The reason it works on the CPU is that each work-item is run sequentially, on the GPU they are run in parallel.
Thank you for your answer. Does OpenCL not allow to write to two components of the same vector from two threads?
How about local memory? Can I do this in a Kernel?
__local int2 localData;
localData[a].x = num0;
localData[b].y = num1;
Supposing different threads may write to the same vector?
Yes it does permit it,but what he is saying the whole problem with your first code is that it does allow permit same writes across multiple threads. I am assuming because it is a vector type, the compiler loads the entire vector from data[a] (both x and y components), modifies the .x component (but leaves the .y value unchanged) then writes both out (whether to<->from cache or not), but if another thread is modifying data[b].y which happens to be the same vector address, it reads in the original unmodified value of .x and writes out it again, cancelling out the first threads results. This can happen both ways. This is a guess of course.

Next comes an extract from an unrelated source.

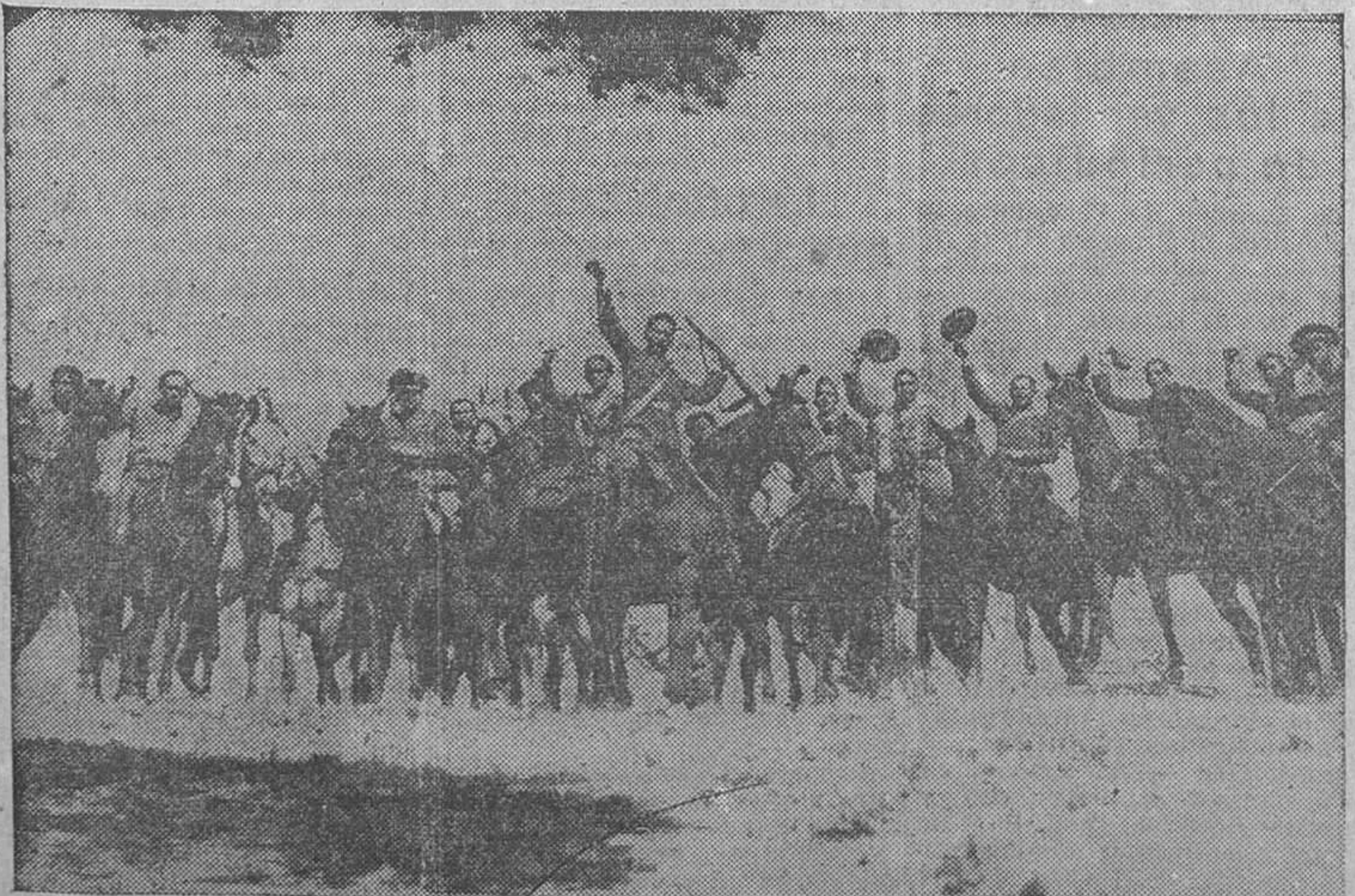
EL GLORIOSO CUERPO DE CARABINEROS.—Entusiasmo delirante al terminar una intervención, en la que se quebrantó grandemente al enemigo en un reciente combate en el sector del centro

I assume the problem is inconsistant across platforms not because of the serial nature of the CPU (it is atleast parallel across multiple cores right? so you could have the same problem?), but rather how the compiler handles loading/storing of vector types on different devices- on the GPU it does not attempt to address a single individual component, but deals with it writes on vector scale, and x,y&z components simply reflect register organisation. On the CPU data[a].x is translated to a single 32bit int load/store).
I say this because how else could you explain race to write only conditions (with no dependent reads) resulting in the data not being modified by any of the competing threads?
Thank you antzrhere, I agree with you!